Wow, lovely, thanks for the info, I'll check out the tool.


----------



## jskeen (Feb 7, 2011)

I tend to agree, splitting is going to be much easier than trying to rip those logs with a reciprocating saw. You want to try for a finished thickness between one and two inches. Thinner it will tend to warp and split full thickness as it dries. Thicker and will take forever to get rid of the moisture down to a workable level. Stack the slabs up on themselves with some 1 inch square pieces of wood between the layers to allow for air circulation. The weight will help minimize warpage. You want to paint the end grain of the wood with something to slow down the moisture loss at the ends, as that is where cracks start. Exterior grade paint is a good choice, There are commercial products for that as well, but they are not cheap. most paint stores will have a can or two of mismixed paint for small money(or for free) , and the color don't matter.


----------



## Sean (Nov 17, 2011)

Alright, that is good advice that I'll heed. I'll try and not split over the two inch mark.
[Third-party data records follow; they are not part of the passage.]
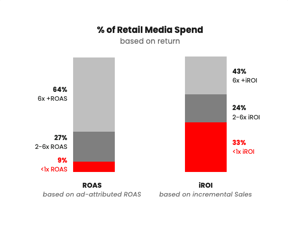 Retail media can be incredibly efficient: 43% of the spend had an iROI of 6x or greater, on par with other highly efficient media channels.
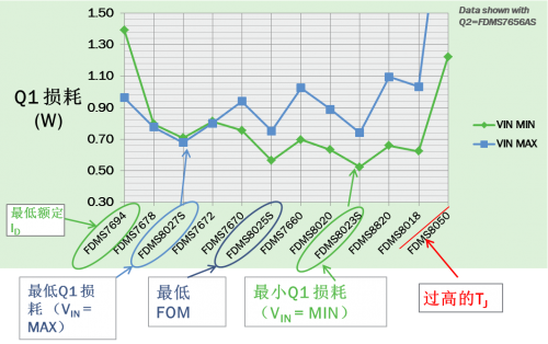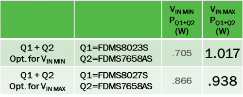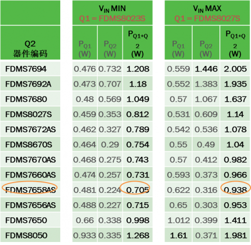 為優化轉換器能效,首先根據VIN選擇損耗最小的Q1,然后選擇產生損耗最小的Q2。本例中, 無論VIN最小或最大,最佳的Q2是相同的,都為FDMS7658AS(但并不總是如此,特別是具有寬VIN范圍或高FSW時)。
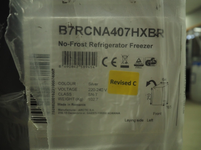 Beko No-Frost refrigerator/freezer, type: B7RCNA407HXBR, 220-240 V, dimensions: 600 mm x 750 mm x 2100 mm.
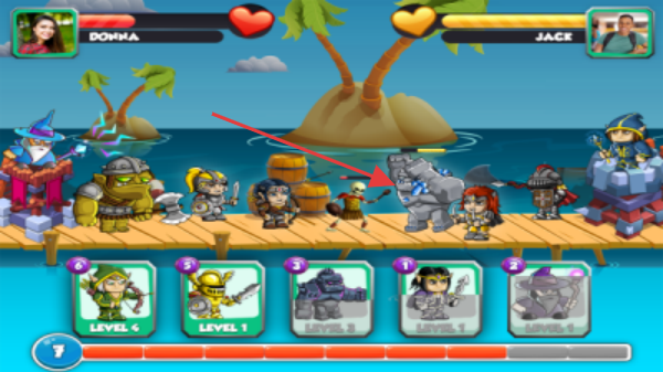 3、在对战界面,选下方英雄卡牌(如LEVEL4),拖放上场,搭配阵容,与对手(JACE)战斗。
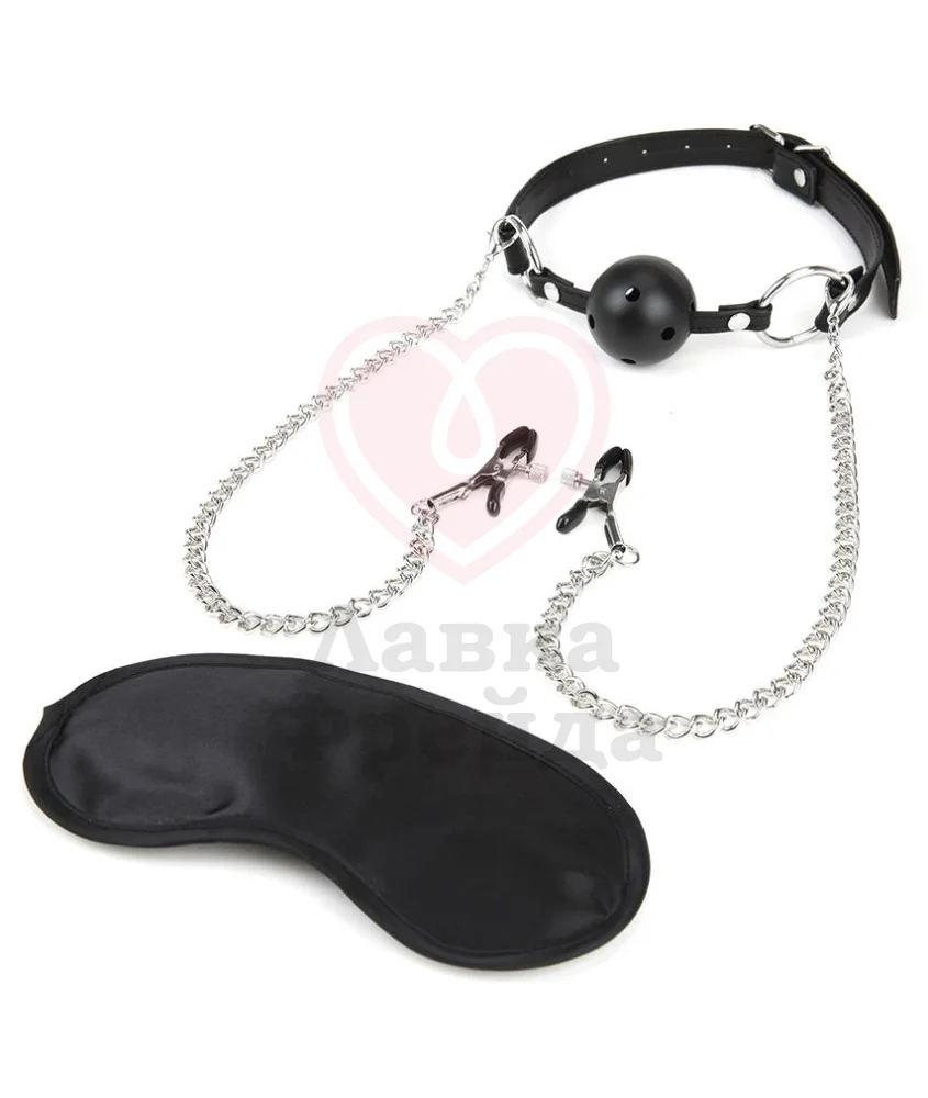 Кляп с шариком из ABS-пластика с дырочками для дыхания имеет регулирующий размер ремешок, а также два металлических колечка, к которым при помощи карабинов закрепляются цепочки с зажимами для сосков. В зависимости от настроения можно использовать зажимы или нет, а также регулировать силу их сжатия. А для повышения чувственного уровня ваших взаимодействий в комплект также входит тканевая маска на глаза.
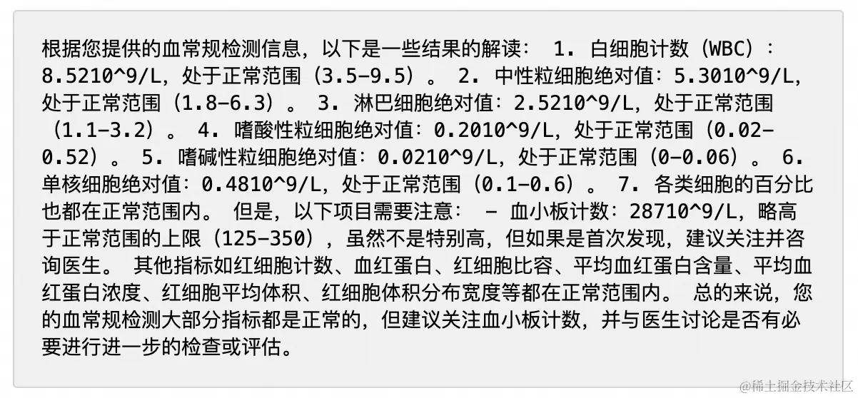 response = query_engine.query("在这份体检报告里,我的血常规检测有什么问题吗?")
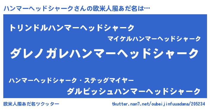 | 意味不明あだ名 | 『住所不定無職ハンマーヘッドシャーク(68歳)』 |
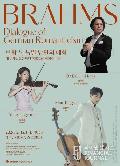 파이낸셜 저널 금교광 기자 | 두 악기가 주고받는 정교한 선율에서 오케스트라가 만드는 밀도 높은 호흡까지, 대구시립교향악단은 오는 2월 13일 오후 7시 30분, 대구콘서트하우스 그랜드홀에서 '제522회 정기연주회 : 브람스, 독일 낭만의 대화'를 선보인다.
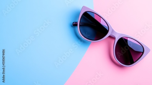A pair of stylish purple cat-eye sunglasses rests on a vibrant blue and pink background, making it perfect for fashion, summer products, or lifestyle-themed promotions
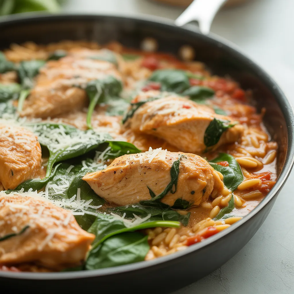 • Is this an easy healthy dinner? I’d say so! You’re getting lean protein from the chicken, whole grains from the orzo, and vitamins from the tomatoes and spinach. It’s a balanced meal that doesn’t skimp on flavor.
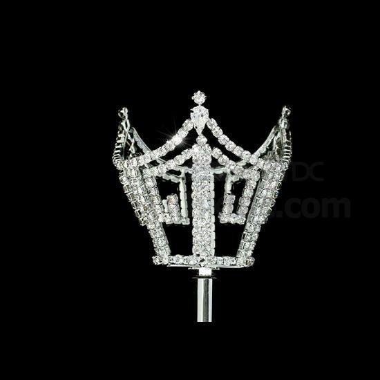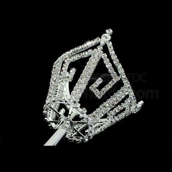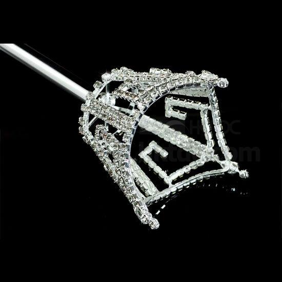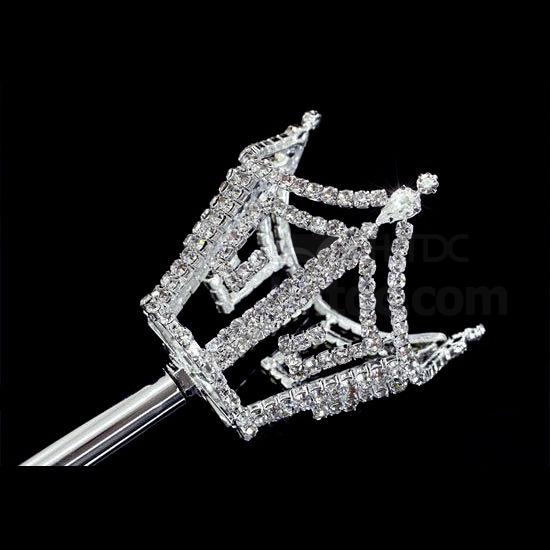 • Unisex king queen crown men women crystal silver scepter wand

I'll stack it and weight it as well, thanks. That froe looks like a
really cool tool. I'll phone the local logging store and see if I can pick one up. I see Lee Valley tools has one and it's inexpensive but a bit of a
drive from here.


----------



## rockslinger (Nov 16, 2010)

That's a nice stash of logs!
If you can find a small dry log you could work it with your saw.
Here's one I did about a year ago.

































Good luck...Jim


----------



## Sean (Nov 17, 2011)

Thanks Jim, that's a beaut! All of these will still be fairly green so will have to be split. It really is bringing back the thrill of board cut catty's
for me.


----------



## harson (Oct 21, 2011)

Hi Sean i think you would be best taking your logs to a sawmill and get them to saw them for you they need put through a band saw.
then get them stacked ,if you can find an old dry one somewhere start with that,a while back i made one from a log i got from a pub they were just about to throw it in the fire ,turned out stunning ,so many people asked about it i ended up giving it to a guy who liked it ,


----------



## newconvert (Dec 12, 2011)

cool topic!


----------



## Sean (Nov 17, 2011)

harson said:


> Hi Sean i think you would be best taking your logs to a sawmill and get them to saw them for you they need put through a band saw.
> then get them stacked ,if you can find an old dry one somewhere start with that,a while back i made one from a log i got from a pub they were just about to throw it in the fire ,turned out stunning ,so many people asked about it i ended up giving it to a guy who liked it ,


Hi John, thanks for your input and suggestion. As we have mills all over town and in neighboring ones as well. I want to try doing this as best I can with my own hand. There just seems to be a bit of a thrill in finding a log or two, rolling it up onto the truck, toting It home and splitting and drying it myself that gives me a bit of satisfaction. However, that may change as I move forward and I may kick myself for not taking your advice.


----------



## Rockape66 (Dec 18, 2011)

Sean, don't forget using wedges or gluts for slitting logs at length. Gluts are wedges made of hardwood. Using multiple wedges in a single split you can control to straightness of the split to a large degree. Using a froe to rive boards is a skill with a large learning curve. Check out local flea markets and you can usually find a froe. Start with the straightest grained log you can find to teach yourself how to control the slit when riving boards.


----------



## Sean (Nov 17, 2011)

Rockape66 said:


> Sean, don't forget using wedges or gluts for slitting logs at length. Gluts are wedges made of hardwood. Using multiple wedges in a single split you can control to straightness of the split to a large degree. Using a froe to rive boards is a skill with a large learning curve. Check out local flea markets and you can usually find a froe. Start with the straightest grained log you can find to teach yourself how to control the slit when riving boards.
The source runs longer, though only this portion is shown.